Using Options To Tell The Future

| December 28, 2011 | 0 Comments

Can you tell the future just by looking at options?  Unusual question, but the answer may surprise you.

Option volume can be very useful in determining the direction a particular stock or ETF might move.  And it’s an indicator you should watch when analyzing your own portfolio.

Let me be clear, I’m not talking about trading options, just looking at option volume.

In short… the key is to look at options on your stocks to identify unusual volume activity.  If done correctly, it can tell you a whole bunch about potential future movements in your stocks or ETFs.

And that’s what it’s all about, information for you.

Now, let me walk you through an example of how I do it…

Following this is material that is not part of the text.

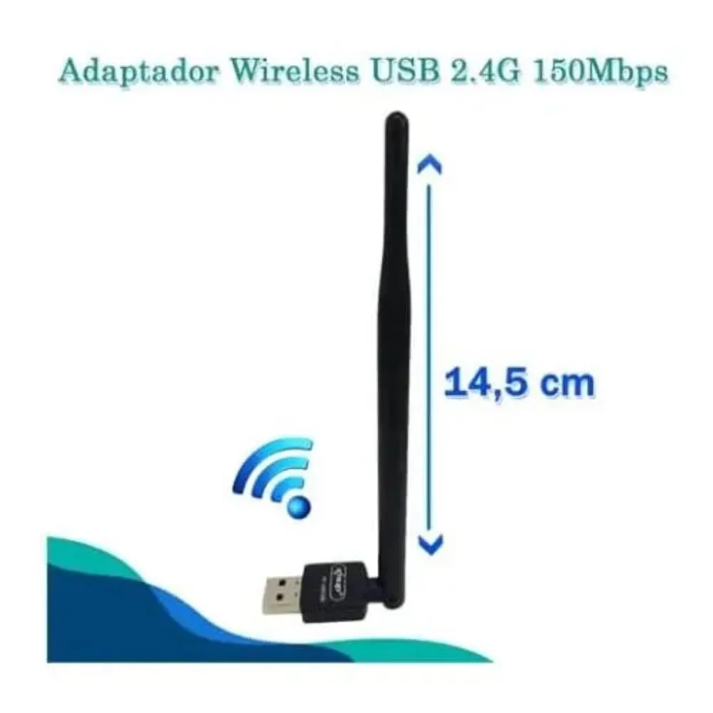 • Dimensões Aproximadas: ~20 cm × 3 cm (adaptador com antena)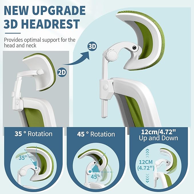 - Flexible Adjustable Functions:The rolling swivel computer chair is built with adjustable heigh: 10cm/3.9inch lift up and down, 5cm/2inch adjustable headrest(30° flip up) and backrest, 90-120° tilt adjustment, 90° flip-up handrail and 360° free rotation, supporting shoulder, back, waist and coccyx relaxation. Upgraded adjustable headrest and lumbar support, widened backrest and high-density armrests, which enhance ergonomically tailored comfort, to meet the needs of work and leisure time.

For instance, with energy stocks so volatile lately, I’ve been focusing my attention on the SPDR Select Sector Energy Fund (XLE).  I know it’s about to make a big move, however, the direction is a bit elusive.

So, first I go through my normal analysis as a routine trader.  This includes looking at ETF volume, momentum and technical indicators. This information will show if I even want to purchase XLE.

In this case, it just so happens, XLE’s technicals are what have been hanging me up.

As you can see, XLE is trading in a range between $65 and $70.  The shares have been bouncing up and down in this range for several weeks.

I would love to know if XLE is poised to break out to the upside.  And I’m just as interested to see if the ETF is going to bounce off resistance and head down again.

This is when I go to the option chains.

After I pull up my option chain, I look at several strike prices and months.  Here’s what I found for XLE.

As I write, XLE just finished the day at $69.20, up 1.2%.  I found that more than 100,000 XLE options traded yesterday, that’s the equivalent of 10 million shares.

As I continued to hone in, I saw the December quarterly expiration (December 30th, 2011) $65 put options topped the action with 22,600 contracts changing hands.  One block was purchased for an average price of $0.14 per contract.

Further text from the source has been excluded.